Fabrication of the integrated secondary battery version of the device exploited a related encapsulation process, but designed to yield an enclosed air-pocket design as a strain insulation layer to minimize the mechanical load associated with the battery. Here, Silbione cast in a machined aluminum mold served as a top capping layer. A film of this same material, formed as previously described, served as the bottom seal against the perimeter region of the shell to complete the enclosure.
An analogous process defined the encapsulating enclosure for the limb unit, with transparent regions at the location of the LED module for PPG measurements. For all devices, a final laser cutting step yielded a smooth, clean perimeter.
Preparation of soft, integrated electrodes of PDMS doped with carbon black (CB-PDMS)

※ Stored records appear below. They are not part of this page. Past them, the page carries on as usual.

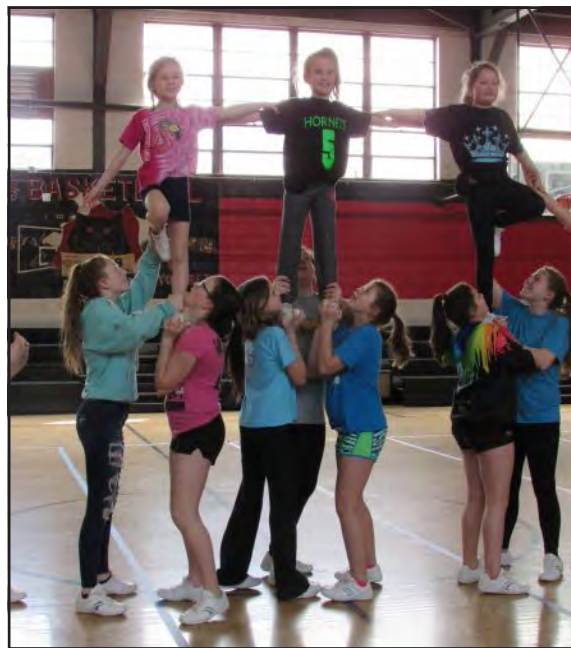
The Preston Royals practice their routine.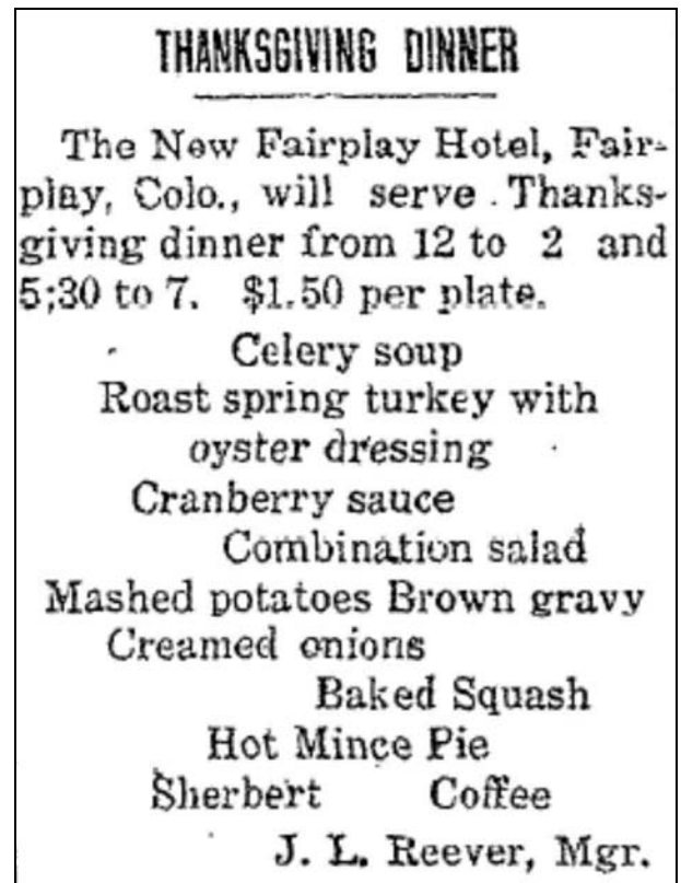
Figure 6. The Fairplay Hotel offered two seating times for a traditional Thanksgiving dinner in November 1923.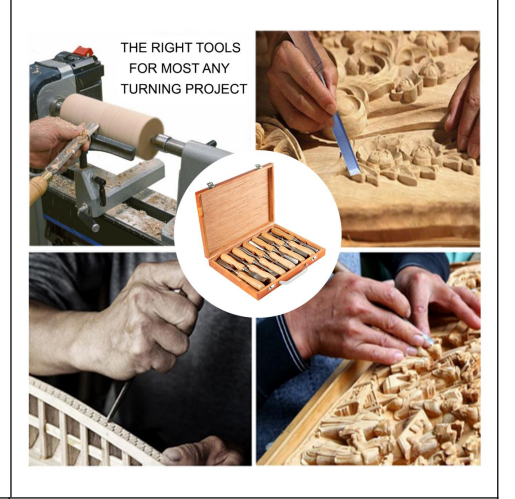
Wide Application It is an ideal kit for woodworking, carving wood carving projects, root carving, furniture carving, lathes, etc.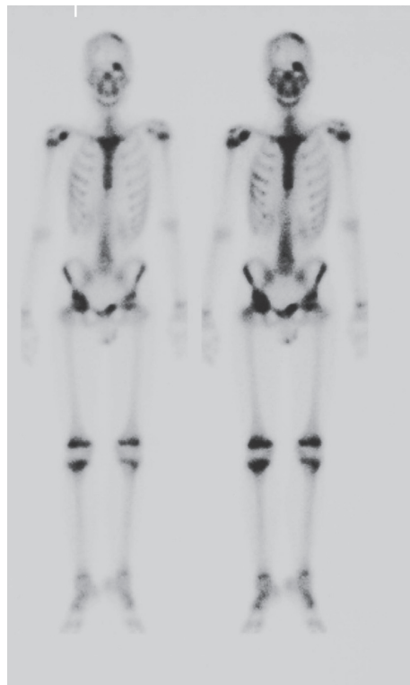
FIGURE 3: Bone scintigraphy showing multiple lesions in the left frontal bone, sternum, right superior supraclavicular fossa, and iliac bone, suggesting fractures, inflammation, or malignant cells.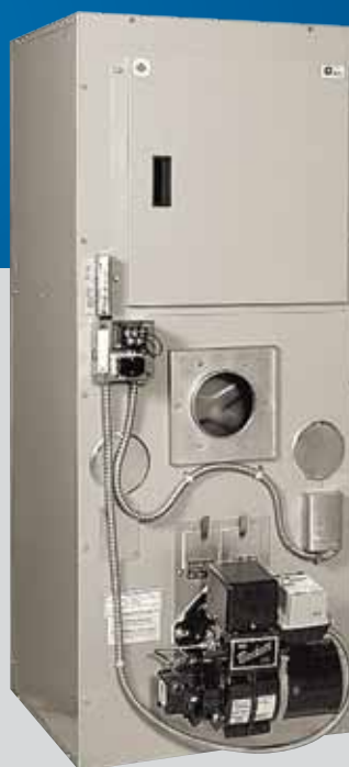
DOWNFLOW/HORIZONTAL WITH VESTIBLE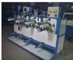
Online Bobbin Winding Machine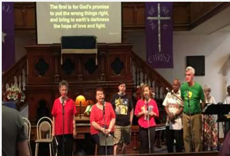
The Leigh Memorial Congregation Music Team leading the Christmas Carol singing last Sunday.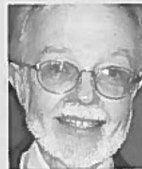
and Brazil (Stanford, 1996), and Liberalization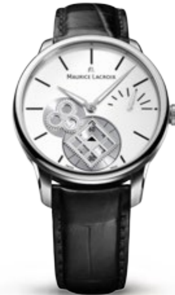
SQUARE WHEEL MP7158-SS001-101-1

Hand-wound Manufacture movement ML156 Ø 43 mm stainless steel case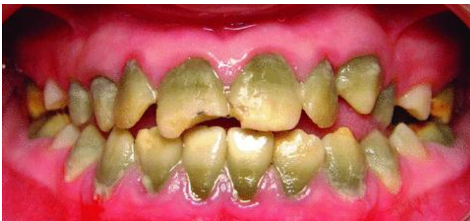
Figure 3. Congenital hyperbilirubinaemia patient with green staining teeth.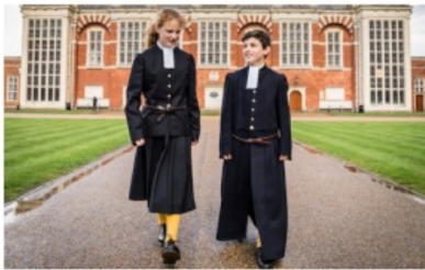
Christ's Hospital School

There is no specified school uniform but there is a dress code. Children should be comfortable, neat and tidy in appearance.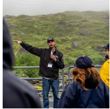
2025 CVEA MEMBER TOUR

I look forward to reflecting on our 2025 accomplishments, updating you on current issues, and sharing our priorities for 2026 at the Annual Meeting of Members on May 5, in Valdez, and May 7, in the Copper Basin.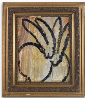
Untitled 2016 Oil on wood 20" x 16" VIEW TO SCALE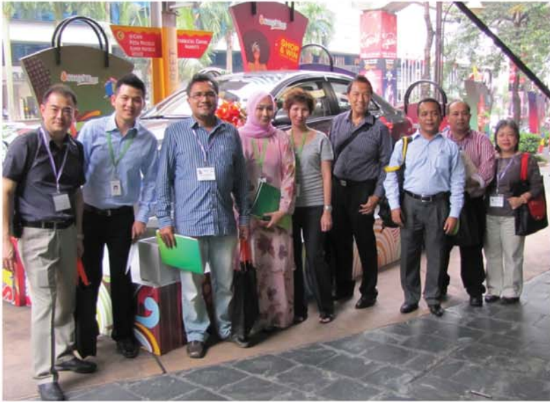
▲ The panel of judges and secretariat at Sungei Wang Plaza, trying to shop and win a car ?!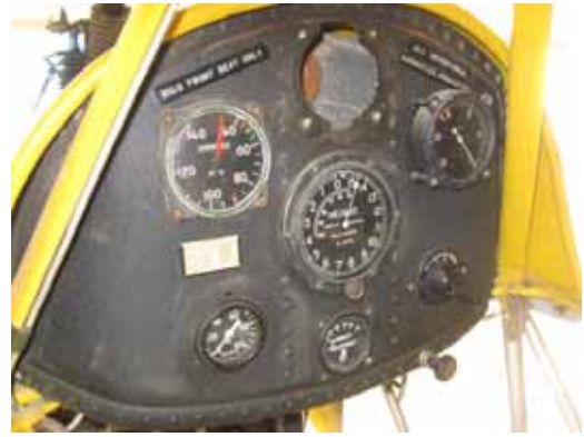
Last month's Mystery was the panel of the Eaglet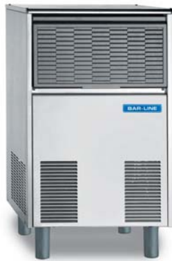
B 50 AS/WS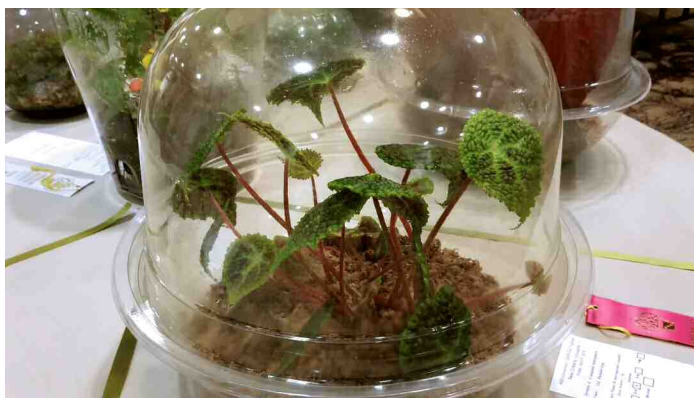
B. microsperma x staudtii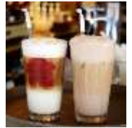
Maple and Chocolate Nitro Cold Brew Latte

Nitro Cold Brew Latte - Nitro Cold Brew Coffee, Milk, served on ice. Choice of flavor: Maple or Chocolate $5.50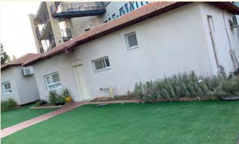
Ali Program, Givat Washington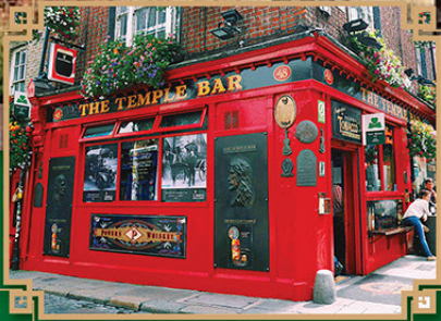
The Temple Bar, quite possibly one of the most iconic bars in all of Dublin, the history of the bar dates back to the early 1300s.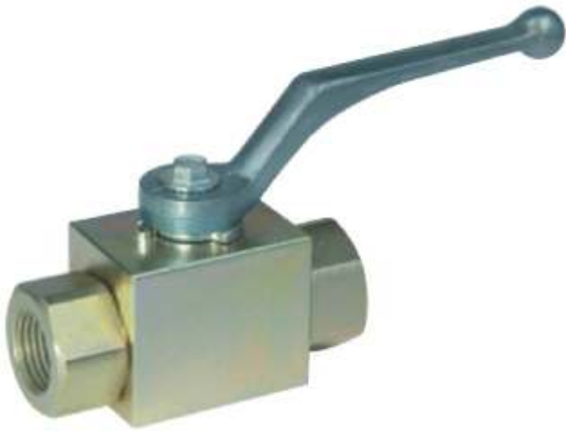
HP Ball Valve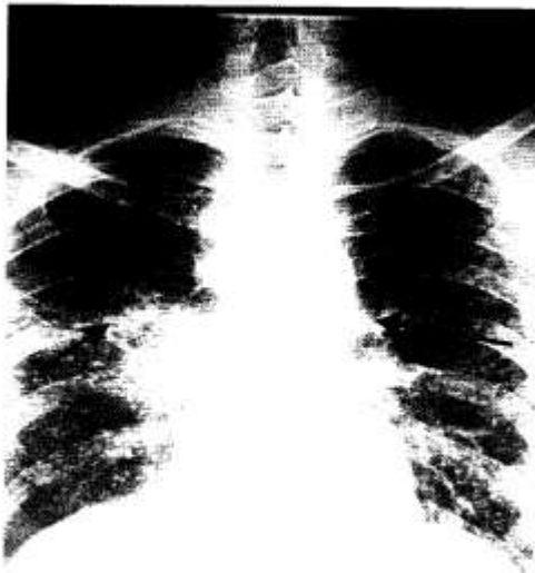
Fig 3: CXR P/A view showing bilateral extensive patchy opacity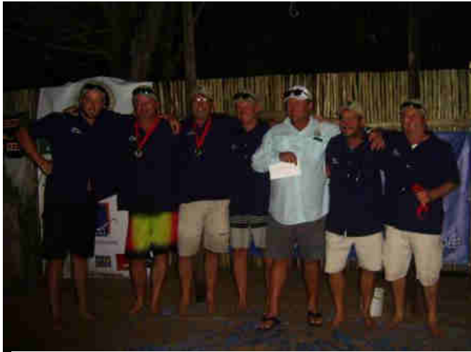
1st Place Boat, Gone Overboard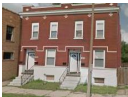
2806-2808 Iowa Ave, St. Louis, MO 63118 4-family, 3,600 sq. ft. - $132,500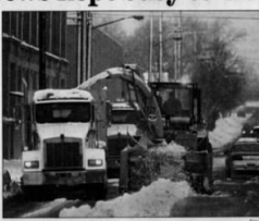
City of Manitowoc workers removed windrows Monday from street medians. Snow collected by the city is dumped in a vacant lot off Michigan Avenue, west of Evergreen Cemetery, or in a field on the north side near Albert Drive.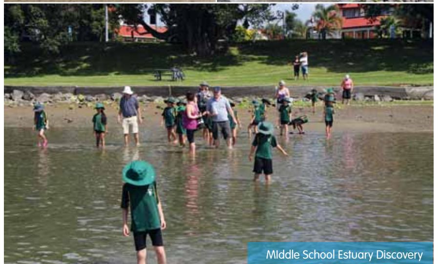
Middle School Estuary Discovery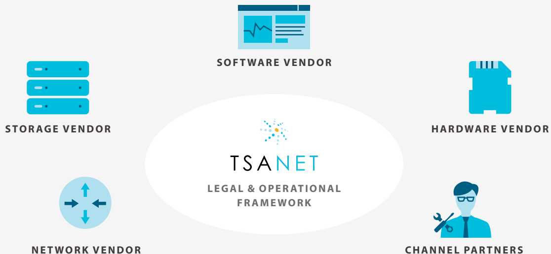
EXAMPLE: ENTERPRISE SOLUTION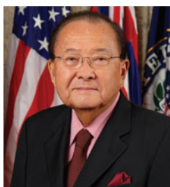
Daniel K. Inouye United States Senator, State of Hawaii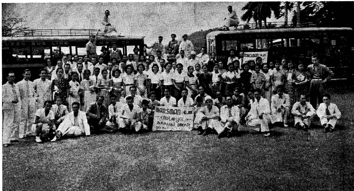
About 120 members of the organization and their families attended the affair, which was held April 18 at Los Baños.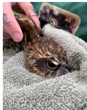
This Boobook owl was spotted 3m up a tree overhanging Lake Jerrabomberra.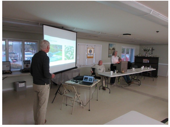
Page 3 of 5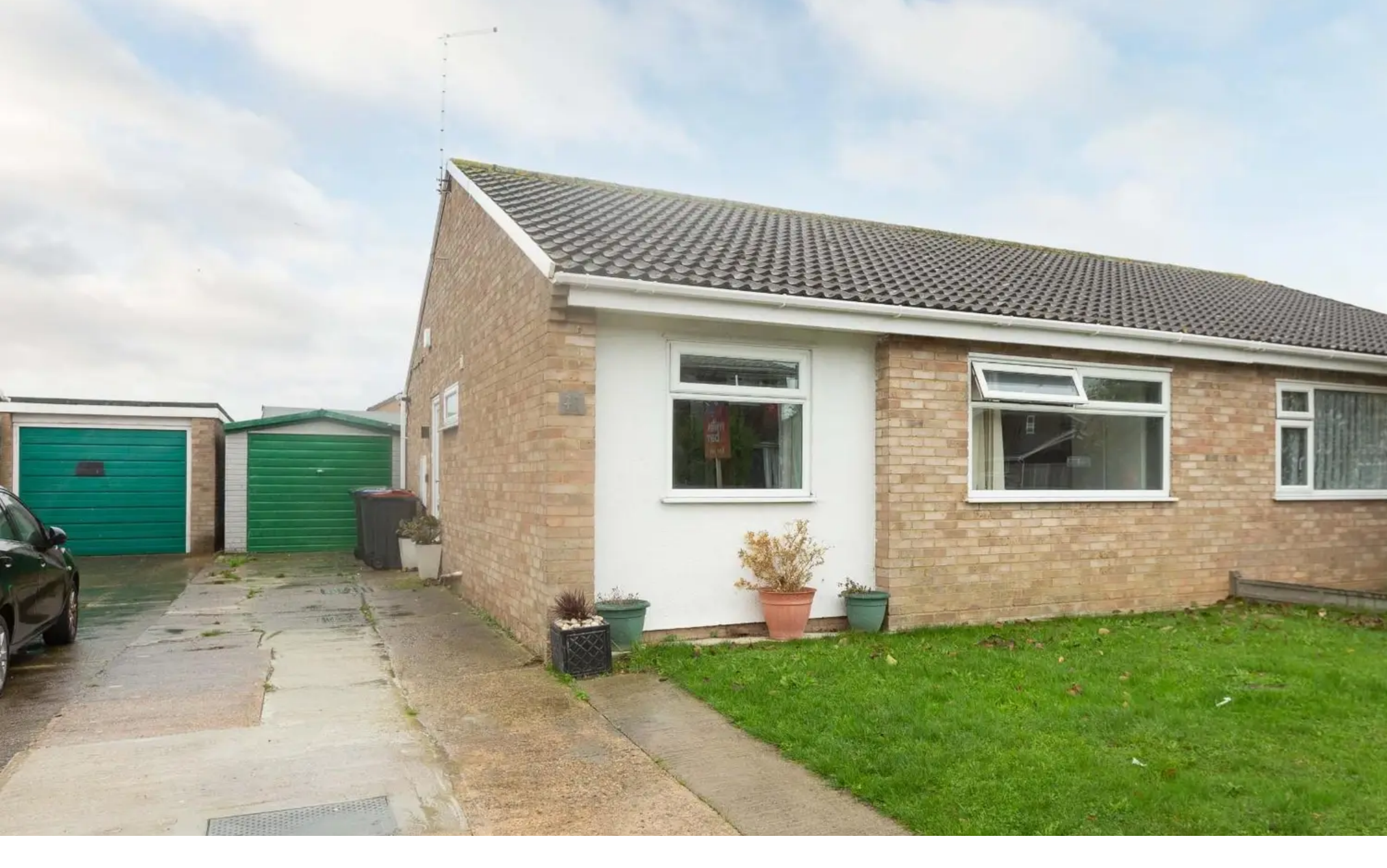
41 Coulter Road, Herne Bay In Excess of £290,000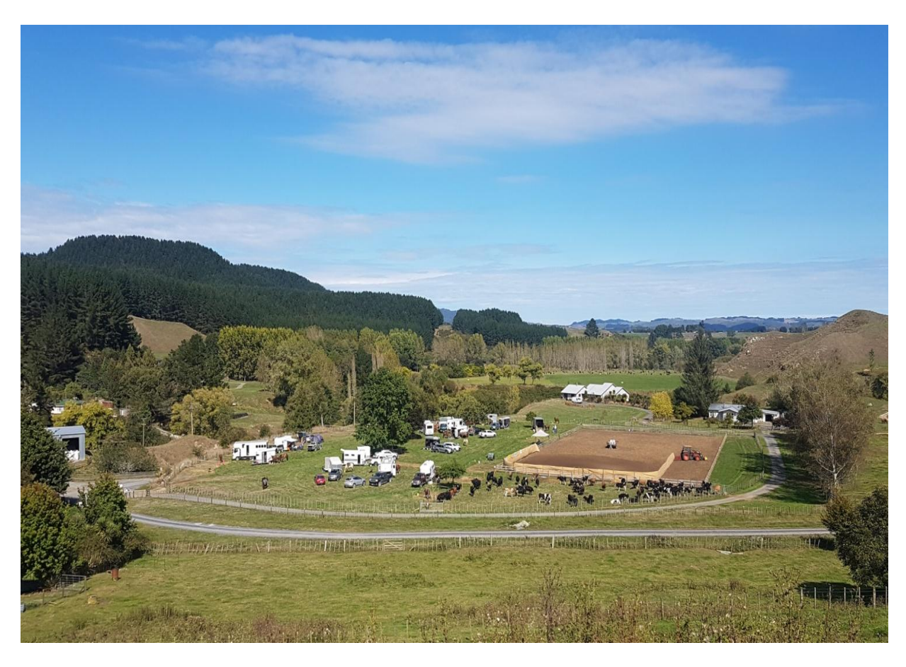
National Finals Venue 2019 - Waimiha, King Country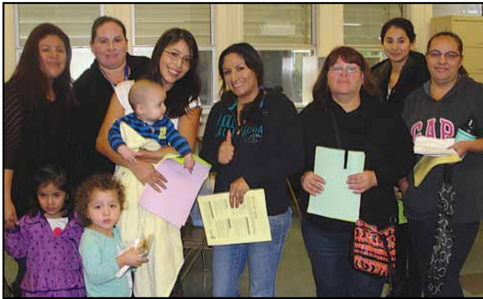
Parents pledge to foster a bully-free environment.

The Mokler Pilots pledge to be bully free! Students spent the first week in December participating in activities to speak up against bullying. The week kicked off with a school wide assembly on Monday morning bringing awareness to the issue of bullying. Additionally, daily activities and classroom lessons taught by the school counselor reminded students and staff to be kind, friendly, speak up and stand up against bullying. The students created signs, posted them around the school and used their most powerful weapon...their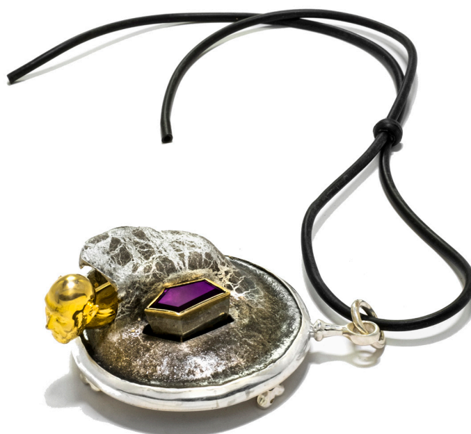
Le rat de Montedoglio Pendant necklace in sterling silver, 18k yellow gold, aluminium, quartz- amethyst and polyester - diameter 6,5 x 4 cm 2024, Unique piece for MiniMasterpiece © Alessandro Schinco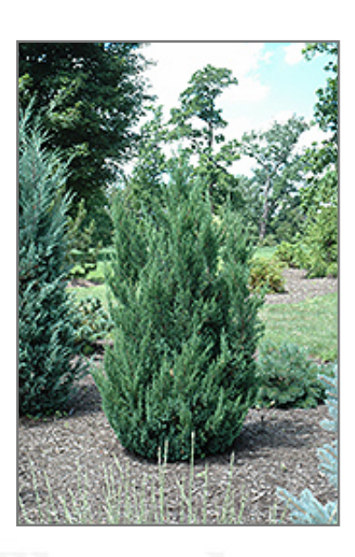
Blue Point Juniper

Blue Point Juniper is recommended for the following landscape applications;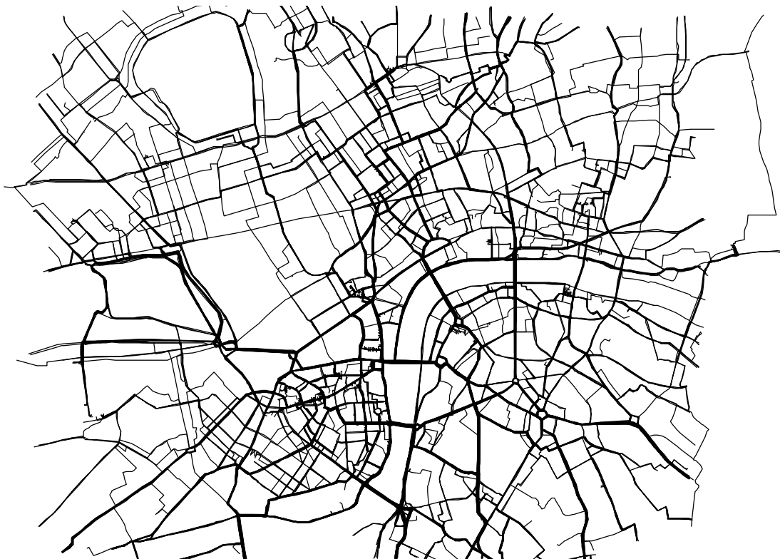
FIGURE 4 Cyclist movement traces.

The second phase of the study used gate counts of cyclist volume from the Stockwell and the Elephant and Castle areas of London. The Stockwell data set included 46 separate observation gates collected between 12:00 PM and 20:00 PM during weekday and weekend periods. The Elephant and Castle data set included 64 separate observation gates collected over a twelve hour period between 8:00 AM and 20:00 PM on both weekday and weekends. These gates counts were cleaned to exclude gates on cul-de-sacs, gates in housing estates, and gates with no observed cyclists. Analysis was also only conducted on weekday counts during this study, but the presence of weekend cyclist volumes offers the potential for future research which could capture leisure and non-work based trips with more detail.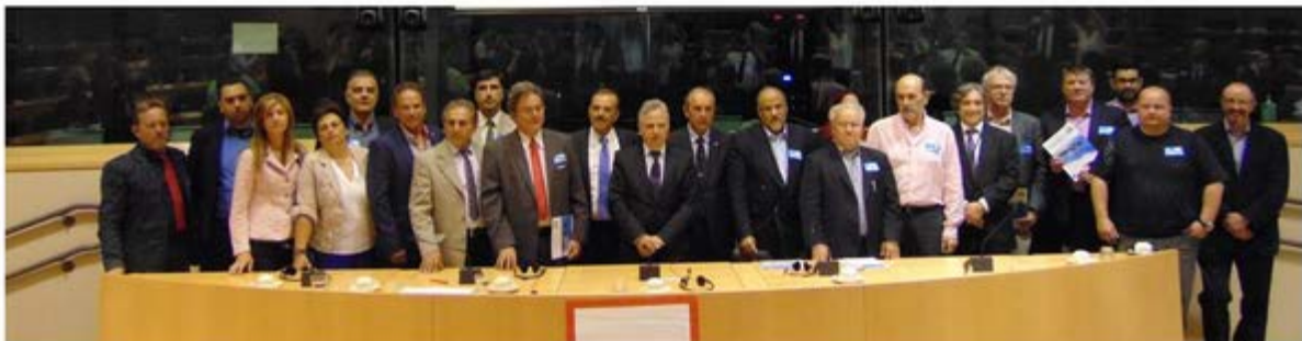
European Parliament, Brussels, 25th June 2015, Signature ceremony of the Pact of Island

In the framework of the CPMR Islands Commission, representatives of islands gathered in Brussels on 24-25 June 2015 for the SMILEGOV final event that was marked by the Pact of Islands signing ceremony. With the accession of the new members, the Pact of Islands now consists of 117 members, welcoming 41 newcomers.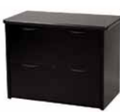
OF652 LATERAL FILE Black - Locking 36"Wx24"Dx29"H

The formulation involved the addition of 4.5 g of carbon black to 15.0 g of a silicone prepolymer (Sylgard 184 base) in a 200 mL round-bottom flask containing n-hexanes (100 mL) and stirred vigorously with a stir bar for 10 min at room temperature. Addition of 1.5 g of silicone curing agent (Sylgard 184 curing agent) pre-diluted in 1 mL hexane with continuous stirring for 2–3 min induced polymerization. Rotary evaporation at 40 °C led to simultaneous rapid removal of solvent and degassing of the polymer to yield a smooth paste. Uncured CB-PDMS, spread with a flat edge onto glass slides containing level guides coated with mold release spray (Ease Release 200, Mann Release Technologies), yielded thin solid films of CB-PDMS (250 μm thickness) after curing overnight in an oven at 70 °C. Electrode pads, cut with a CO2 laser to lateral geometries larger by 2 mm along all edges of the openings for the ECG electrodes on the bottom surfaces of the chest unit, provided overlapping regions for bonding. Treatment of both elastomeric surfaces with a corona gun (BD-20A High Frequency Generator, Electro-Technic Products, Inc.) for 40 s, immediately followed by pressure induced lamination (15 s) and overnight curing at 70 °C in an oven yielded excellent adhesion. A double-sided conductive tape (3M 9719) bonded the CB-PDMS pads to the Au electrodes on the flexible printed circuit board.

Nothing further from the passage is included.